Un de nos camarades de la Centrale, rue de Metz, a été arrêté hier par la Gestapo. Des hommes en civil, inconnus, dont c'est le premier coup Toulouse, l'ont emmené de force à leur siège dont l'adresse commence à peine d'être connue. Toute la nuit, ils l'ont interrogé, brutalisé, torturé enfin pour tenter de vaincre son silence, mais en vain. Ces tortionnaires se sont acharnés à tel point qu'à la fin, il ne leur est resté entre les mains qu'un corps inerte, sans vie, muet à jamais, qu'ils sont allés abandonner à la morgue municipale, où un de ses compagnons de travail a été prié d'aller le reconnaître au petit matin livide.

Explication officielle, car il fallait bien en donner une, Béret avait trahi son secret professionnel pour faire de l'espionnage au profit des Anglo-saxons; les services spéciaux de l'armée allemande l'avaient pris sur le fait...

Ainsi, involontairement, l'ennemi qui lui avait donné la mort lui accordait l'hommage au combattant pris les armes à la main. Bonne conscience pour tous ceux qui s'écartaient avec horreur de ce sang tout frais versé : de quoi était-il allé se mêler ? Il fallait bien que les Allemands en guerre se défendent. Si la Gestapo massacrait un civil, un postier en pleine ville de Toulouse, il n'y avait pas lieu de protester, puisqu'il s'était mis lui-même hors la loi et que tous les autres civils pouvaient continuer à croiser les uniformes verts et les messieurs de la Gestapo sans rien risquer. Ils restaient bien tranquilles et n'avaient aucun rapport, ni de près, ni de loin, sauf une vague et toute symbolique sympathie, avec les Anglo-saxons.

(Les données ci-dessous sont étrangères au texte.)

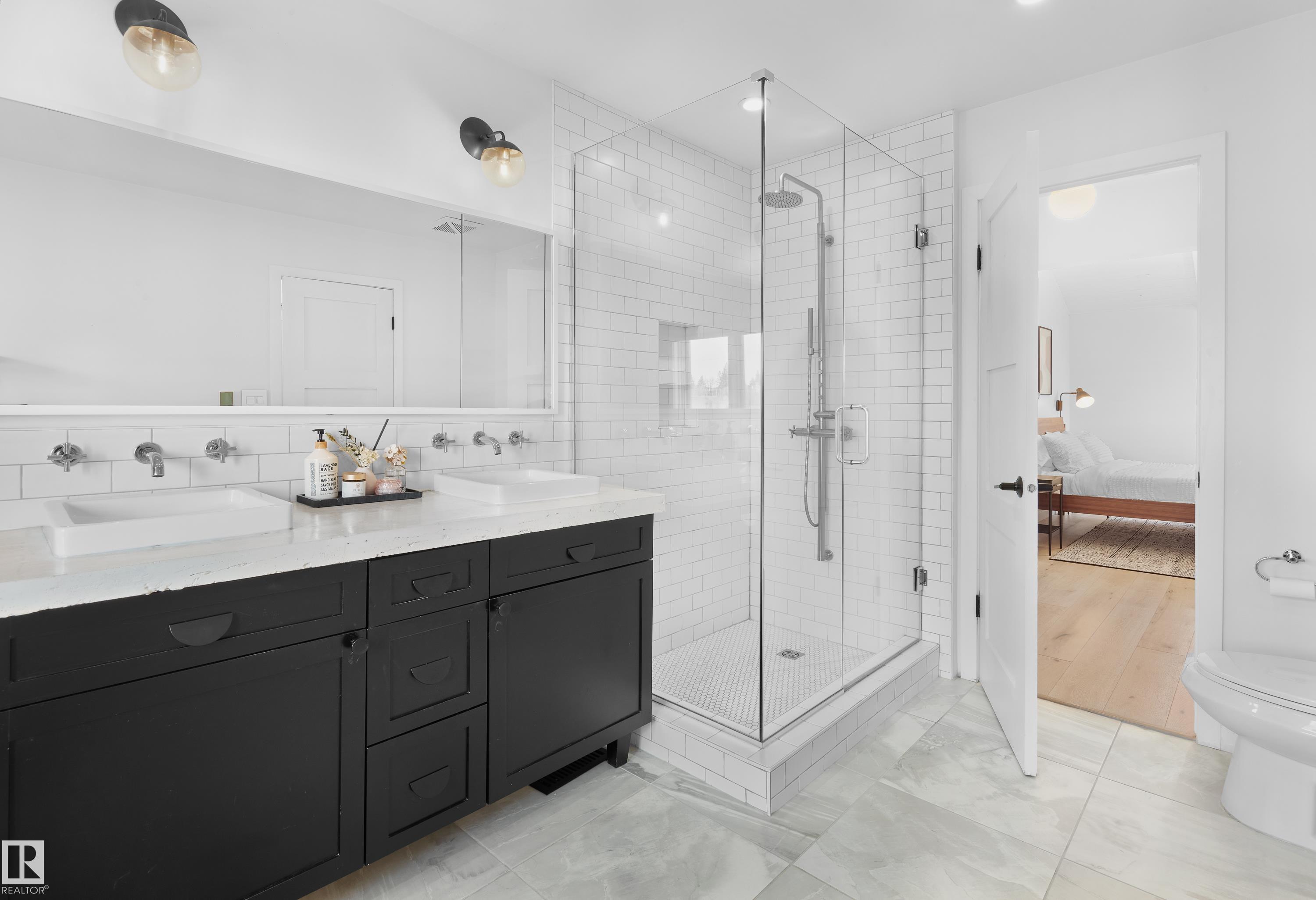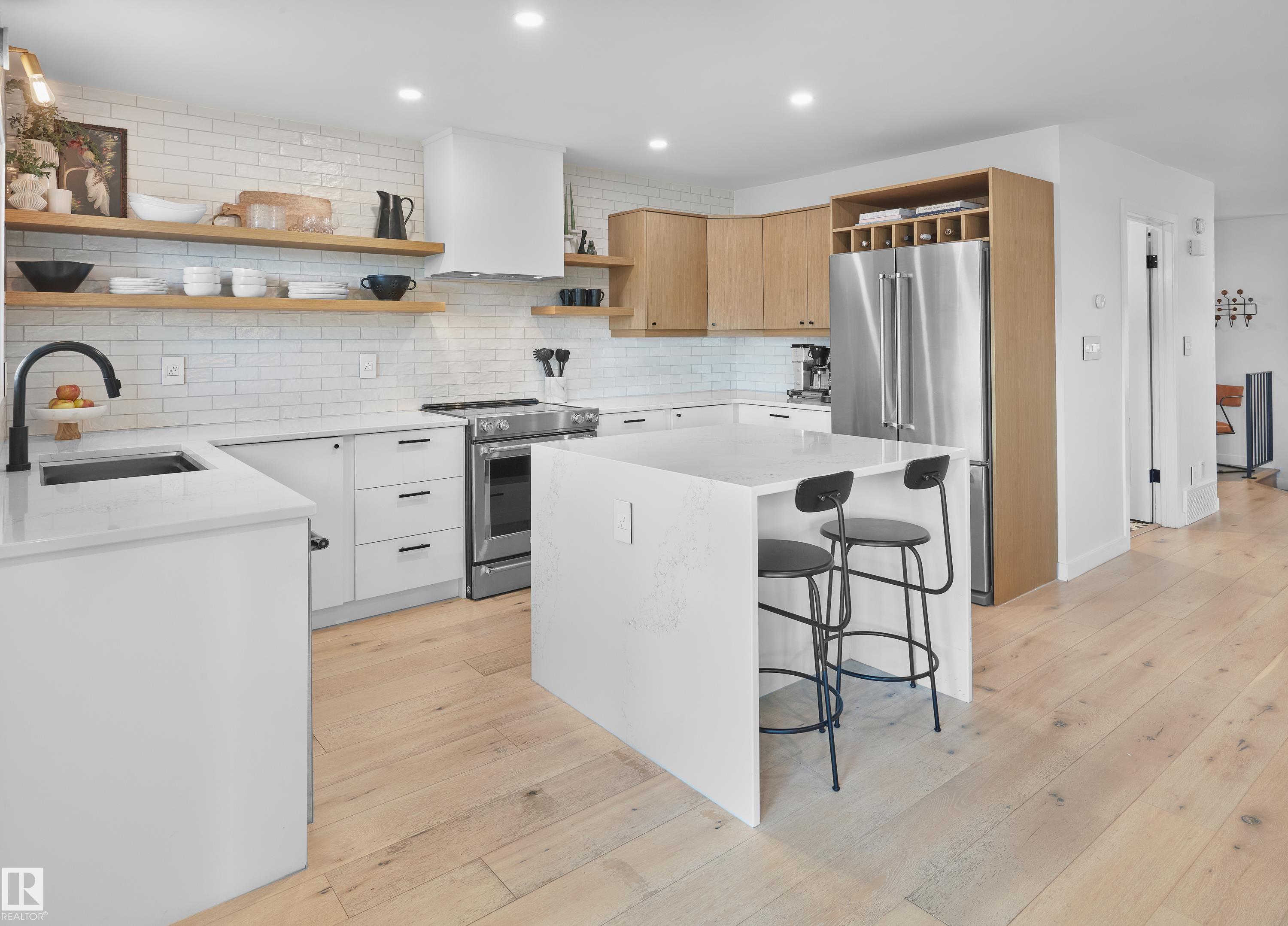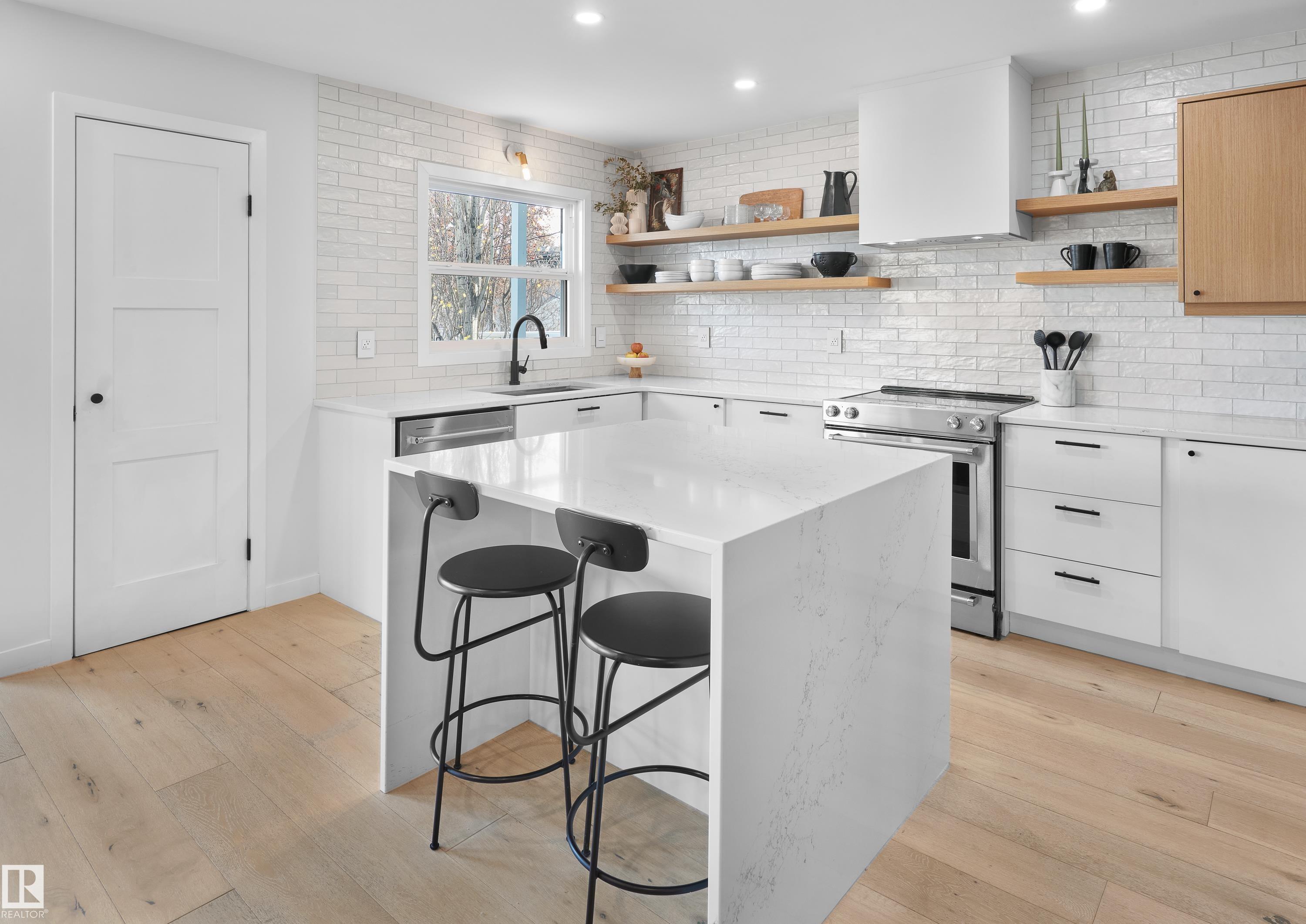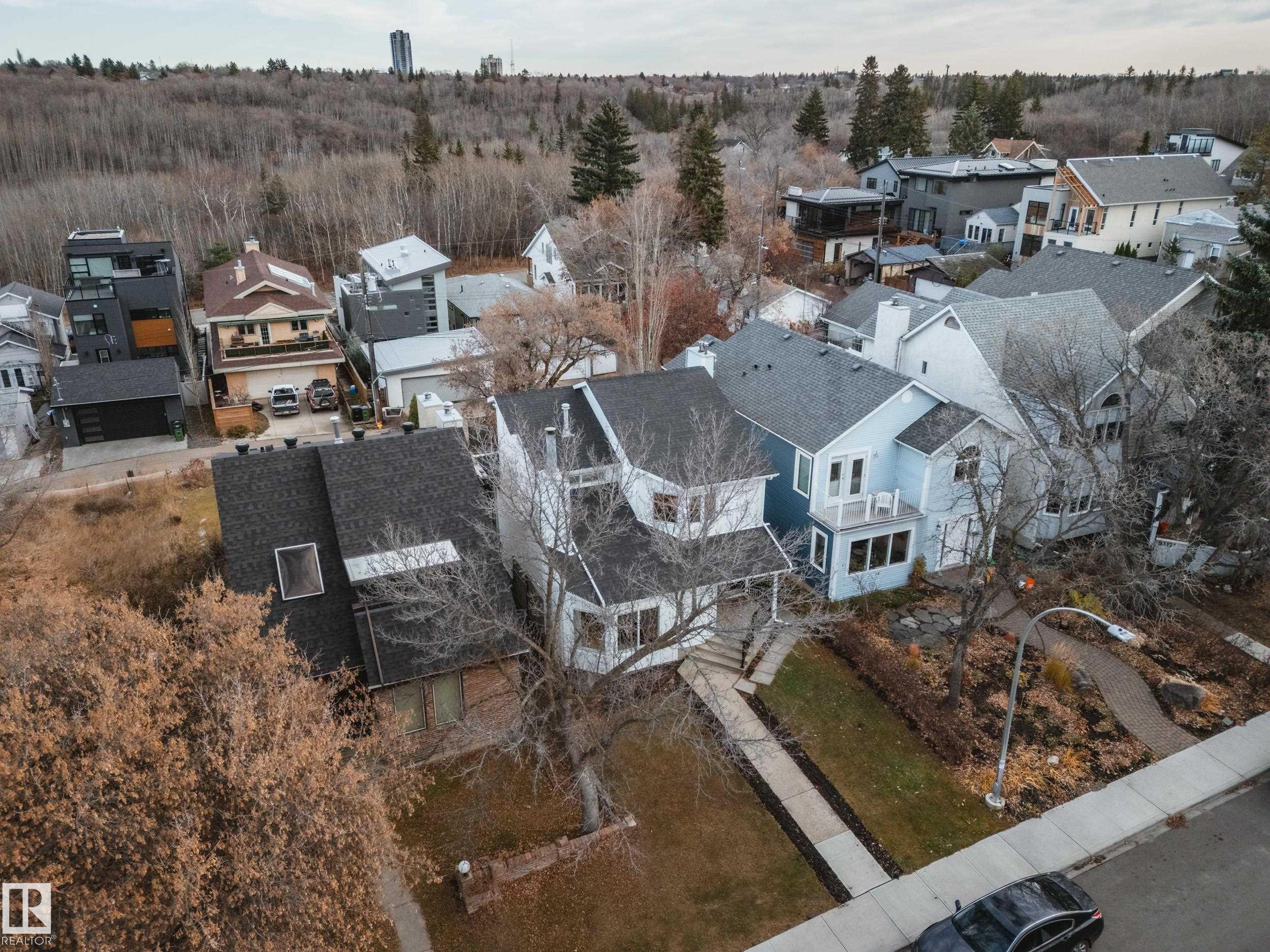 Fully renovated ravine-side living in the heart of Strathcona! Facing trees with walking trails just steps away, this 4-bed, 2.5-bath home blends modern updates with an unbeatable location. The main floor offers an open-concept layout with vaulted ceilings, a cozy wood-burning fireplace, and a spacious dining area that flows to a large deck overlooking the ravine. The renovated kitchen features quartz counters and stainless steel appliances. Upstairs, you'll find a generous primary bedroom with vaulted ceilings and a massive semi-ensuite full bathroom, plus two additional bedrooms. The fully finished walkout basement includes a rec room, wet bar, full bathroom, 4th bedroom, and access to the rear attached garage. Key upgrades include roof (2021), siding (2021), a newer furnace, & HWT (2024), and a full interior renovation. All of this is just minutes to Downtown, Whyte Ave, the U of A, and some of Edmonton's best parks, cafes, and restaurants. Ravine living without leaving the city!
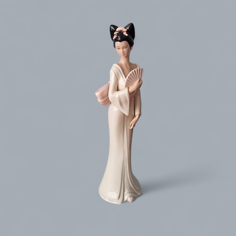 Pastel renklerde, yelpaze tutan beyaz porselen geyşa biblo. Zarif detaylarıyla dekorasyona sanatsal bir dokunuş katar. İngiliz Leonardo Collection marka. Yükseklik yaklaşık 30 cm. Yeni durumdadır. Fiyat sondur y
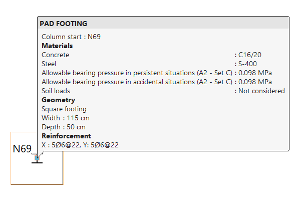 Permite consultar las tensiones en la base de la zapata. Para poder hacerlo, se debe calcular la obra.
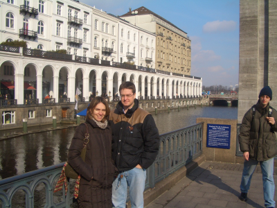 Ese sábado lo dedicamos a hacer turismo por Hamburgo. El mismo recorrido que me había enseñado Houxiang dos semanas antes :-). En la derecha están Andrés y Susana en uno de los canales de Hamburgo. Hacía mucho frío, pero al menos había sol.
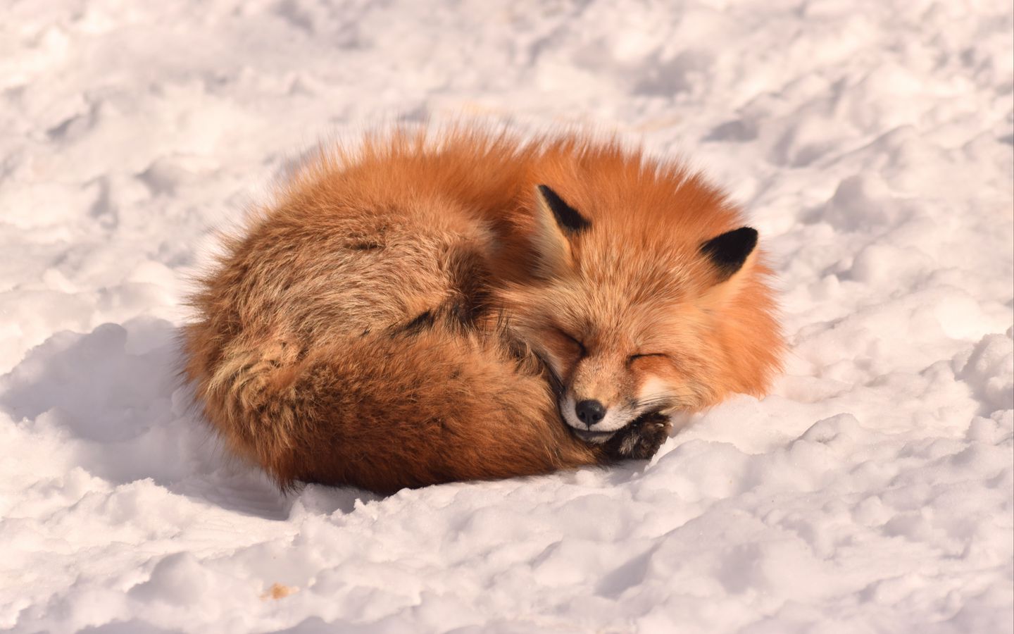 Download 1440x900 fox, sleep, animal, snow wallpaper, background widescreen 16:10
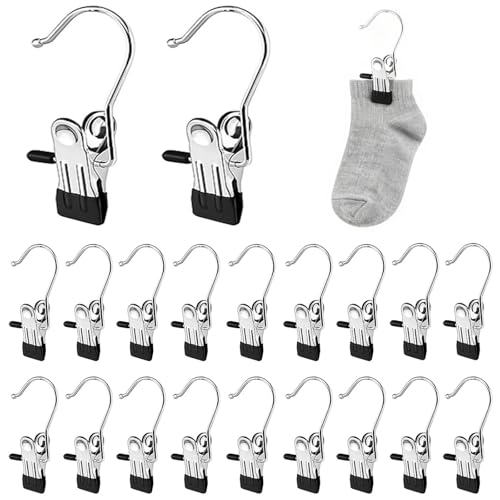 DIYCUT 20 Pièces Pinces à Linge avec Crochets, Pince a Linge INOX de Suspension de Bottes, Cintre Pince avec Crochet Rotatives à 360° en Métal Noir, pour Chaussettes, Chaussures et Chapeaux
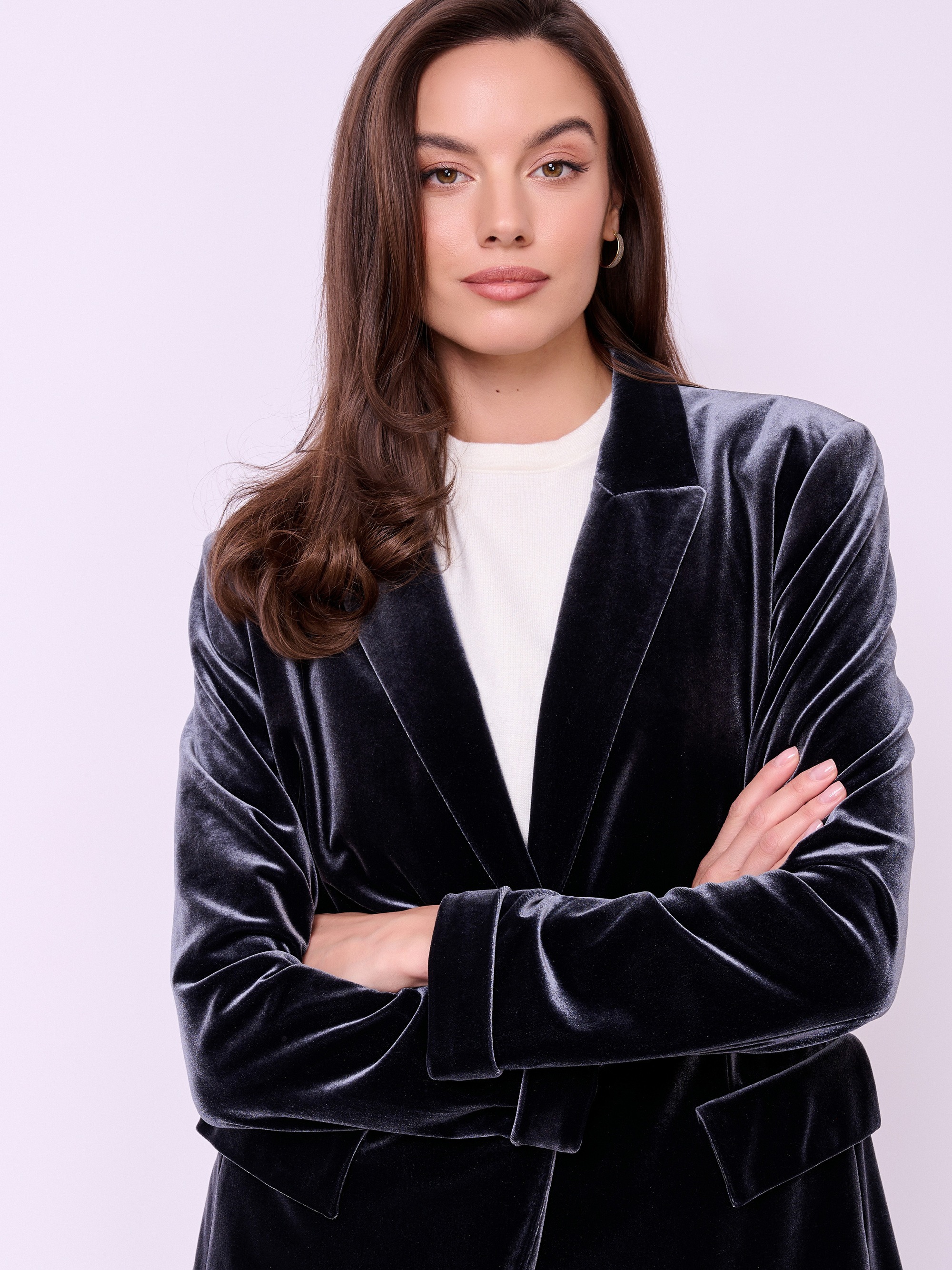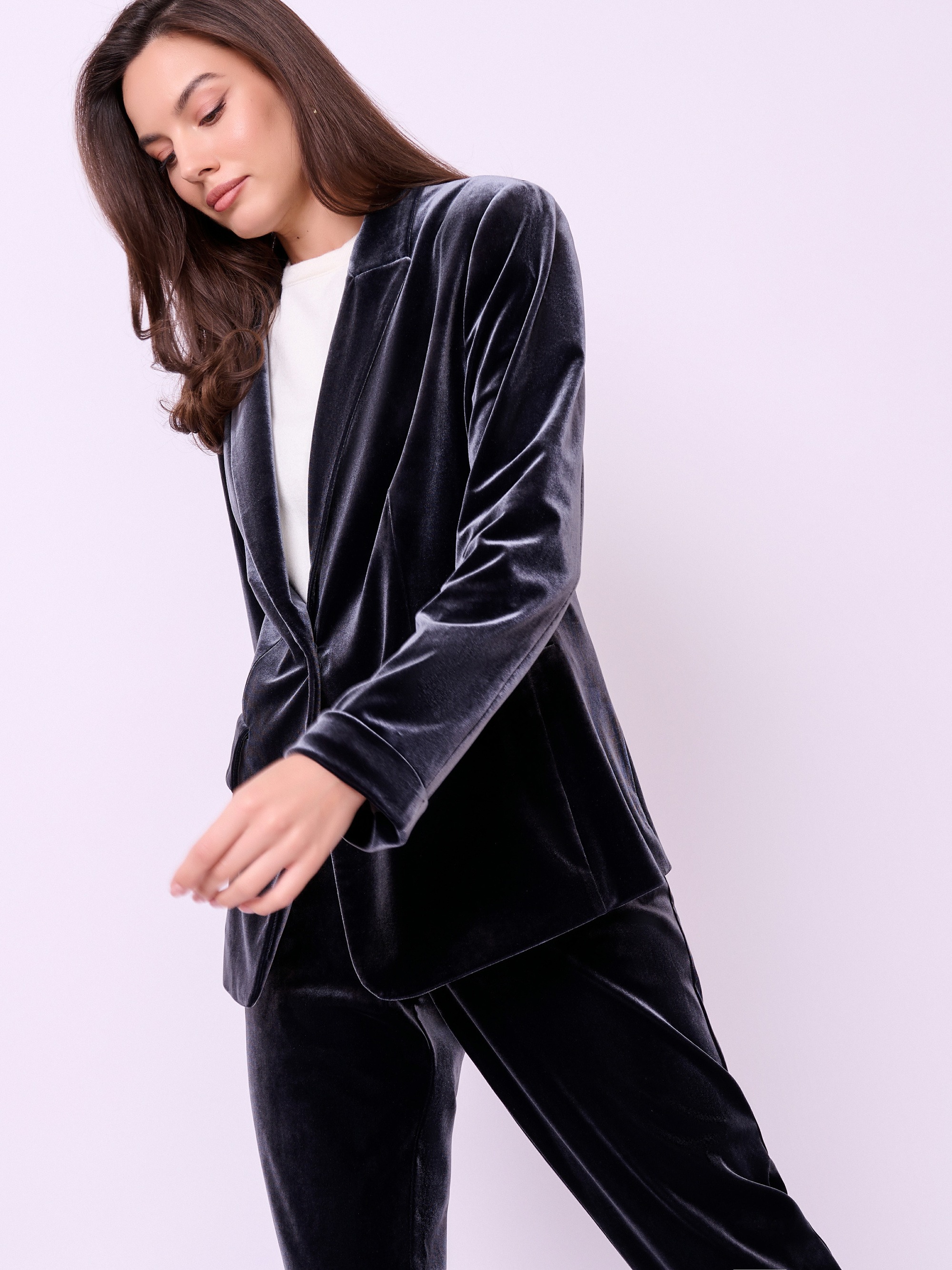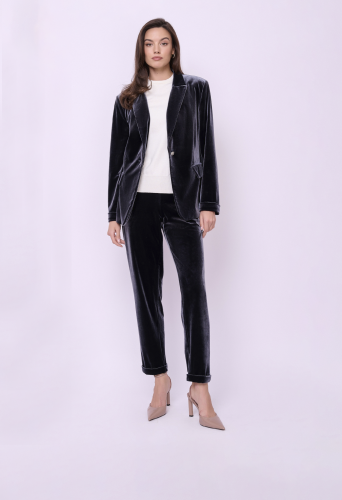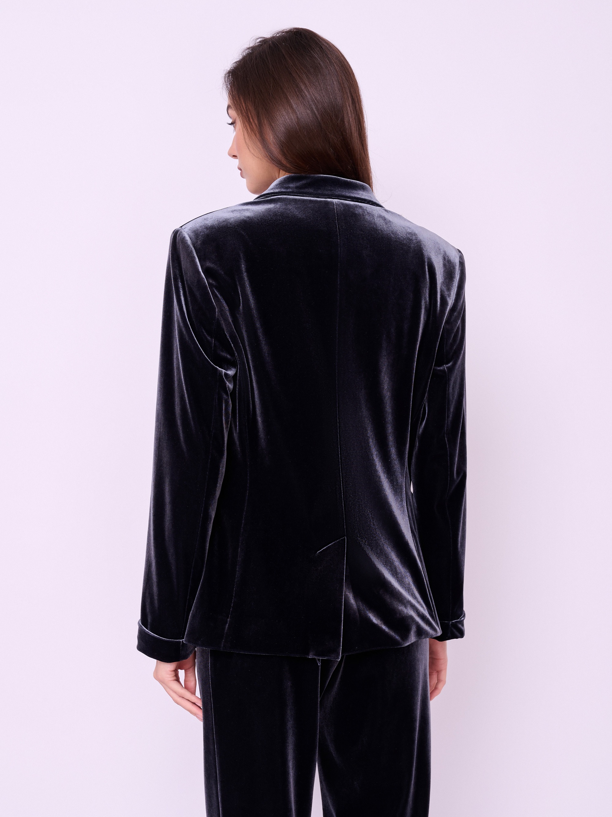 Однобортный жакет из трикотажного бархата полуприталенного покроя на пуговице с прорезными карманами и клапанами. Длина по спинке: 65 см.

Pour nous, c'était autre chose, des sentiments nouveaux que je lisais dans le regard fixe de Raymond Naves, alors que nous nous taisions après son récit.

D 'abord que c'en était fini des risques mineurs, une arrestation, quelques semaines en prison. Maintenant, c'était à la mort que nous allions être affrontés, et la pire de toutes, celle qui arrive comme une délivrance après que toutes les souffrances physiques aient été employées pour vous faire parler.

Cette réflexion en amenait inévitablement une autre : puisque nous faisions le même travail, nous courions donc les mêmes dangers. Alors, serons-nous comme BERET assez fortement ancrés dans notre volonté pour tout supporter sana parler ?

Désormais, nos jours et nos nuits seraient hantés par cette incertitude contre laquelle on avait beau se dresser, mais qui demeurait comme une écharde plantée en nous -mêmes.

Ainsi, nos poings se serraient en pensant à BERET, frêle postier au regard bleu que je voyais souvent, assis devant le bureau d'Achiary qui me l'avait présenté, calme et avare de gestes. J'en gardais le souvenir d'une profonde et tranquille vie spirituelle, installée solidement dans un corps assez menu de français moyen, de petit fonctionnaire. Et maintenant, si triste pourtant, j'admirai que ce corps peu exercé en apparence aux performances athlétiques ait su demeurer ferme au milieu des coups, du fer et du feu et que dans sa mort, l'esprit ait triomphé.

La rage de ses bourreaux en apportait la preuve : impuissants à en tirer les informations sur ses compagnons, sur le réseau, ils étaient allés jusqu'à lui donner la mort, - fait rare en cette année 1943 - ou peut-être l'avait-il trouvée sur son chemin de douleurs comme une réconfortante inconnue, survenue à point pour le faire échapper aux mille tourments qu'il avait déjà subis.

- A travers BERET, j'essaie de rendre hommage aux nombreux postiers, agents du réseau ou amis, qui au péril de leur vie ont renseigné la Résistance sur tous les faits et gestes de l'occupant. Obscure mais combien efficace leur action a constitué une de nos meilleures armes; chez eux l'esprit Républicain et Syndicaliste a rejoint le vieil instinct patriotique.